Sosyologlar ve siyaset bilimciler Taksim'deki gösterici kitlesini şöyle tanımlıyor:
- Kürt sorununda çözüm istemiyorlar. Kürtlerin siyasal, sosyal görünürlüğünden de rahatsız oluyorlar.
- Başörtülü kadınların, genç kızların sosyal hayatta rol almasına ve devlette çalışmasına kesinlikle karşı çıkıyorlar.
- Dindarlığın siyasal ve sosyal alandaki görüntülerinden memnun değiller. Sözgelimi, AK Parti'nin yükselişi, imam-hatip okullarına talebin artması gibi gelişmelerden kaygı duyuyorlar.
- Dini görünürlük açısından çok düşük istatistiklere sahipler. Namaz, oruç, hac gibi ibadetlerle ilgileri yok denecek kadar az. Kendilerini "laik, Atatürkçü" olarak tanımlıyorlar.

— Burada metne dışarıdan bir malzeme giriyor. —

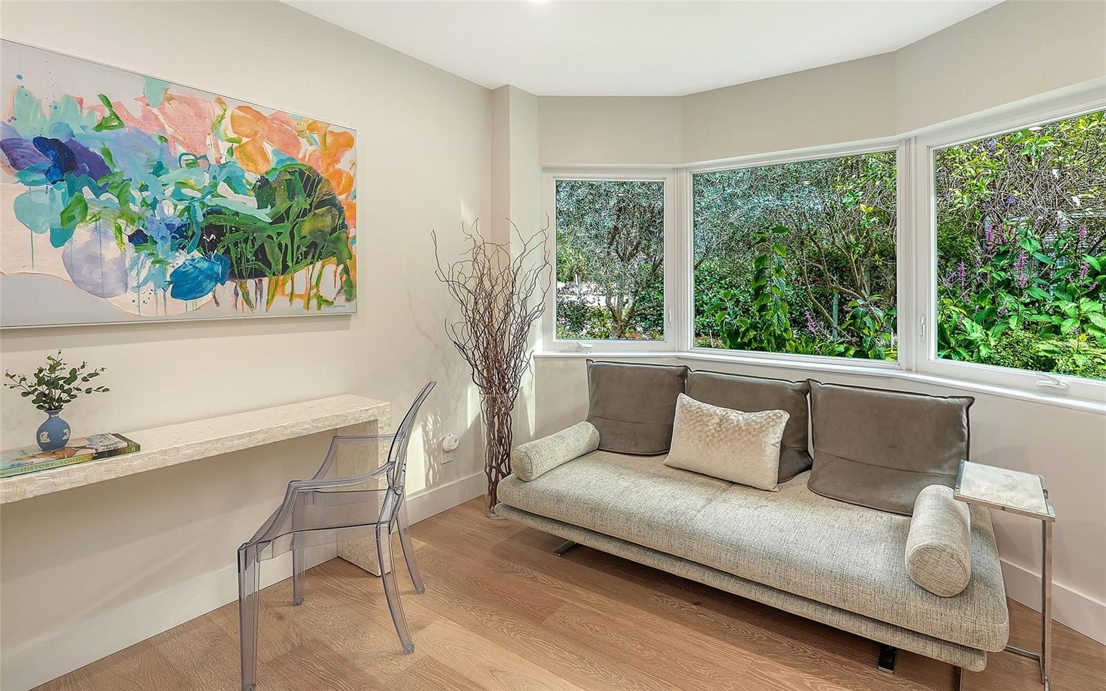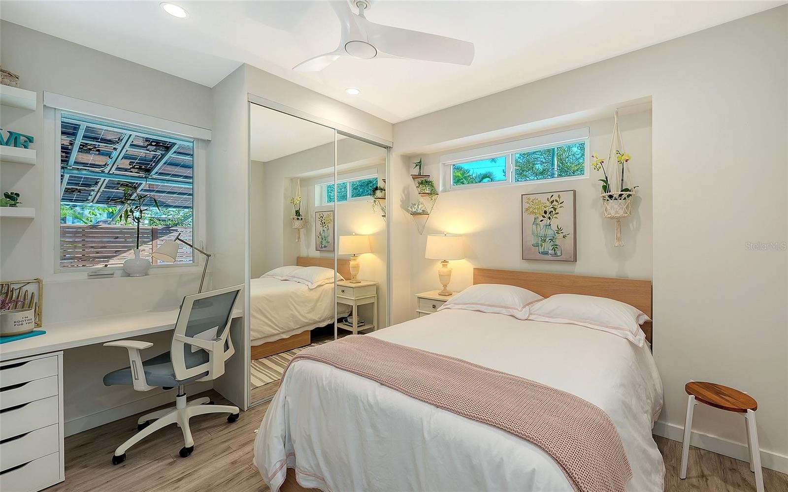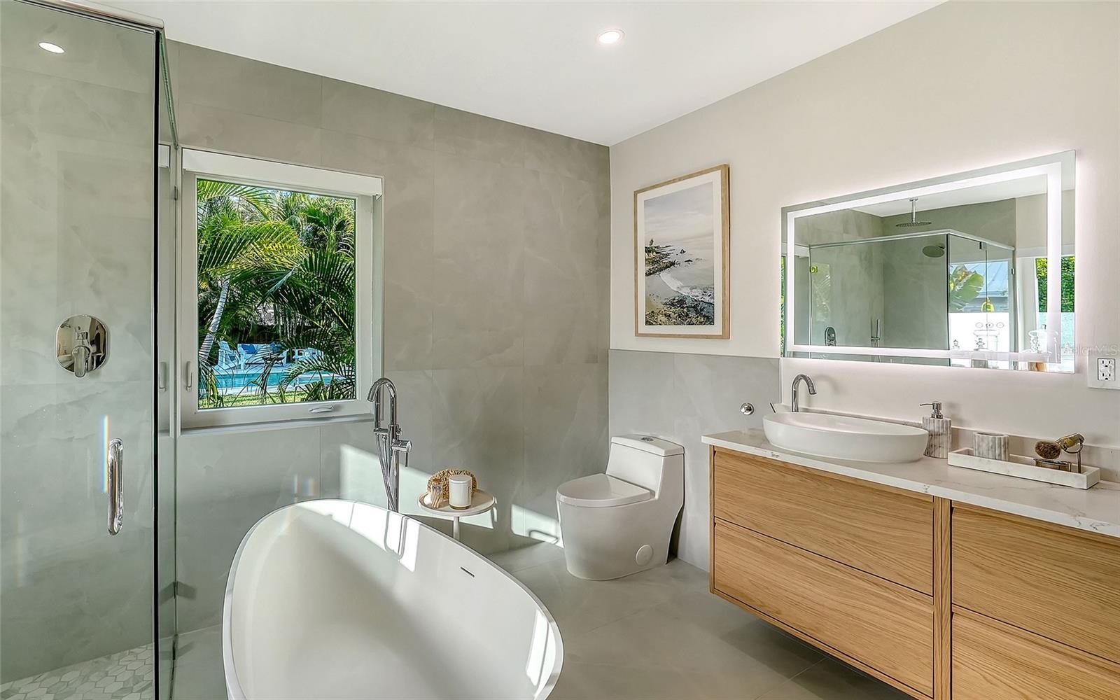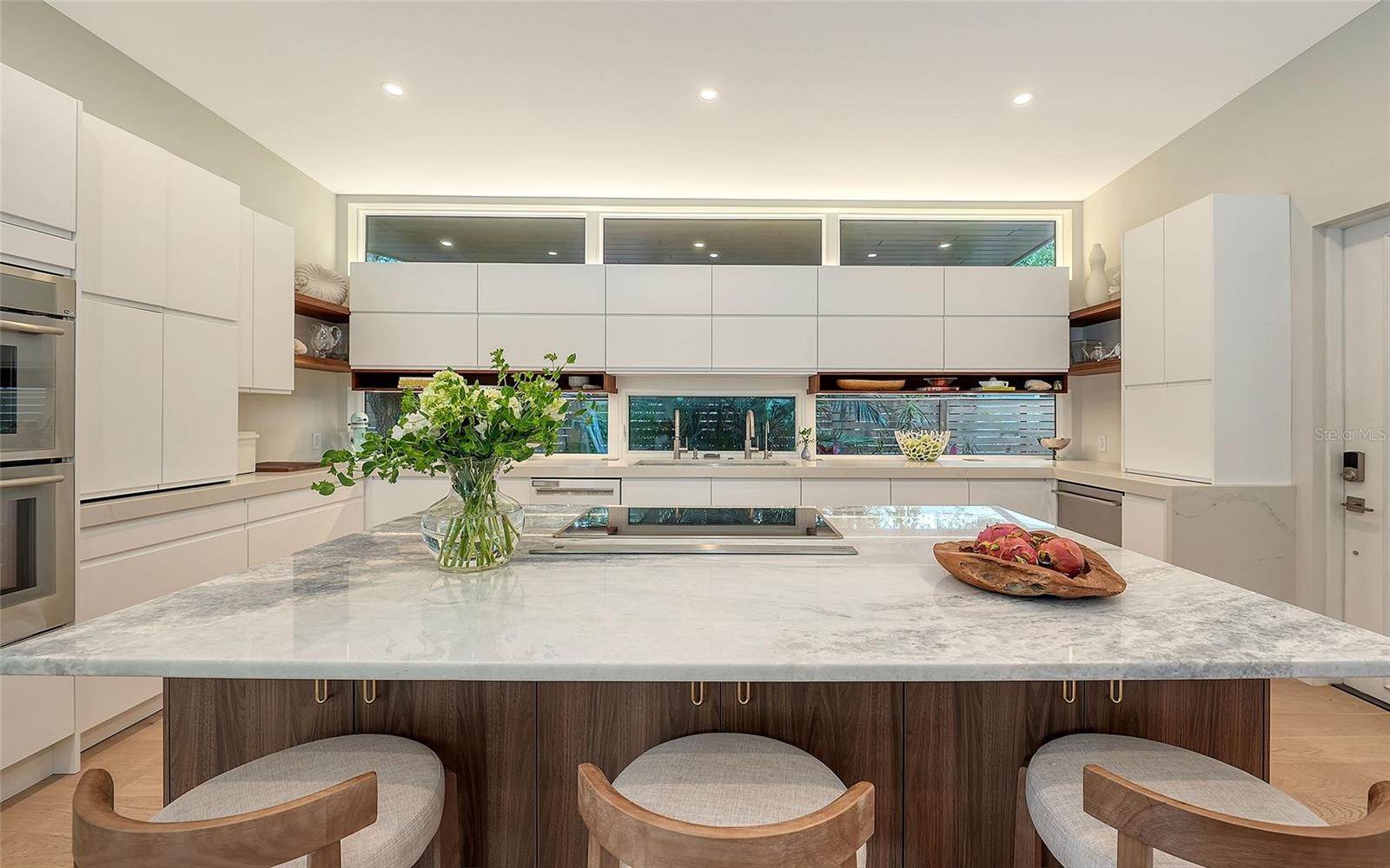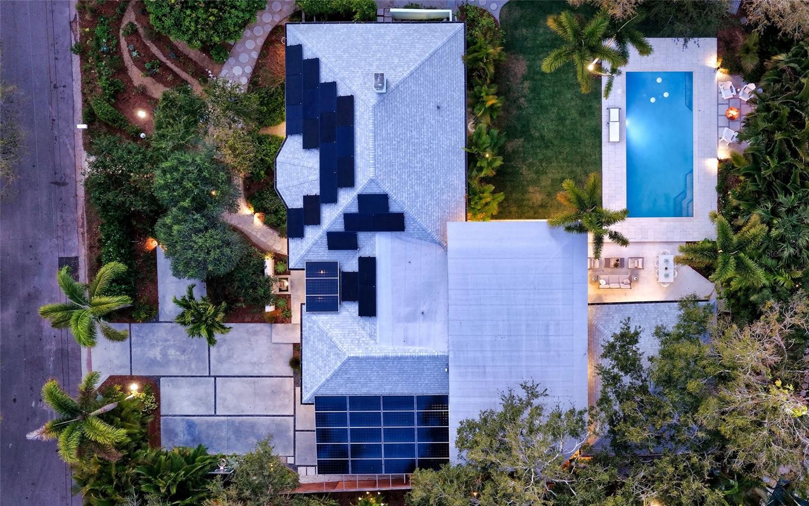 If you’ve been searching for a true Sarasota West of Trail oasis—quiet, private, walkable, and beautifully updated, this McClellan Park residence brings together the features discerning West of Trail buyers value most: a large .34-acre lot, a fully renovated home with a 2024 addition, a detached guest house, a heated saltwater pool, and energy independence...all on a private dead-end street minutes from the best of Sarasota. Originally built with timeless character, this in-city sanctuary has undergone a comprehensive back-to-studs renovation and is up to current Florida building code, with an official effective build date of 2013. A classic foundation, refined with modern upgrades and standards. The main home spans 3,100 square feet with three bedrooms and three baths, fully customized with all the details valued by today's buyers. Bonus rooms include an office/den, plus a sitting room in the primary suite. The striking 2024 addition, designed by Jimmy Thornton, features an open-concept great room, dining and kitchen with zero-corner, fully pocketing sliding glass doors, a dramatic architectural detail that opens the living space completely to the pool and outdoor areas. The kitchen is a true showpiece. It features high ceiling, super-organized European cabinetry with illuminated interiors, high-profile quartz and marble countertops, a glass window backsplash, and clerestory windows. Custom walnut open shelving add artistic flair. Appliance garages, interior drawers, workstation sink with two faucets, and oversize eat-in island add high-end functionality. The outdoors is incredibly lush and functional for an in-town location. Outdoor living rooms, fruit trees, trellises, native flowers, and an expansive food garden...plus a tree house for charm and fun. A heated saltwater pool anchors the backyard, while the detached guest house adds flexibility for recreation, home office, studio or guests.
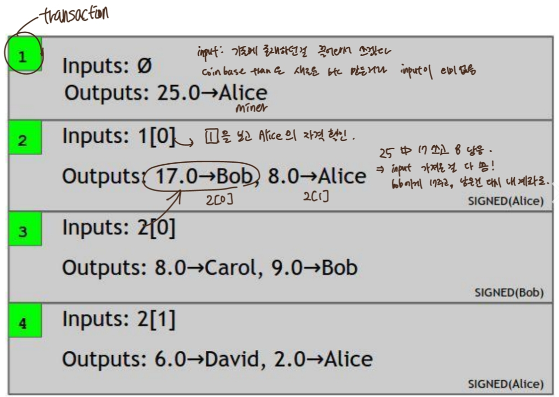 - single input(인풋은 의미 없음. NULL값), single output(채굴자가 block reward받기 원하는 주소)

- Askerin siyasal alanda etkili olması gerektiğini düşünüyorlar. (Aralarında önemli bir kitle ise askeri darbe seçeneğinin kesin çözüm olduğunu düşünüyor)
- Hemen hepsi, Ergenekon, Balyoz, Andıç gibi davaların görülmesine karşı. Büyük çoğunluğu bu davalara karşı çıkan eylemlere de katılarak davalılara destek verdi.
- Genel olarak 28 Şubat darbesine destek veren gelenekten geliyorlar ve 2007 yılında yapılan Cumhuriyet mitinglerine de katıldılar.
- Güçlü bir sınıf bilincine sahipler. Ağırlıklı olarak beyaz yakalı istihdam grubunu temsil ediyorlar ve kendi sosyo-ekonomik güçlerinin devamlılığına odaklanıyorlar.
- Türkiye'nin ekonomik büyümesi ve milli gelirin artması gibi temel makro ekonomik verileri birinci derecede önemsemiyorlar. Ama bu gelişmelerden en çok yararlanan meslek ve sermaye gruplarının içinde bulunuyorlar.
- Batıcılar, Batı değerlerine sahip çıkma iddiası taşırlar ama Avrupa Birliği üyeliğine de karşılar.
- Dış politikaya ilgilenmiyorlar. Türkiye'nin Suriye politikasından memnun değiller: Türkiye'nin İslam dünyasıyla gelişen ilişkilerini endişe verici buluyorlar.
- Tayyip Erdoğan'a yönelik tepkileri ontolojik... Üslubundan çok varlığına karşı çıkıyorlar. Erdoğan'a reaksiyonları bir alt kimlik kadar güçlü ve tavırlarını değiştirecek girişimlere kapalılar.
- Aynı şekilde, Fethullah Gülen'e ve cemaatinin faaliyetleri başta olmak üzere bütün dini sivil toplum hareketlerine karşı da tepkililer. Dini referanslı sivil çeşitliliği sistem ve kendi yaşam tarzları için tehlike olarak görüyorlar.
- Aralarında İşçi Partisi, ÖDP gibi siyasal hareketlerde görev alanlar da bulunmasına rağmen büyük çoğunluğu CHP'ye oy veriyor. Bununla birlikte CHP'nin daha sert muhalefet yapması gerektiğini düşünüyorlar.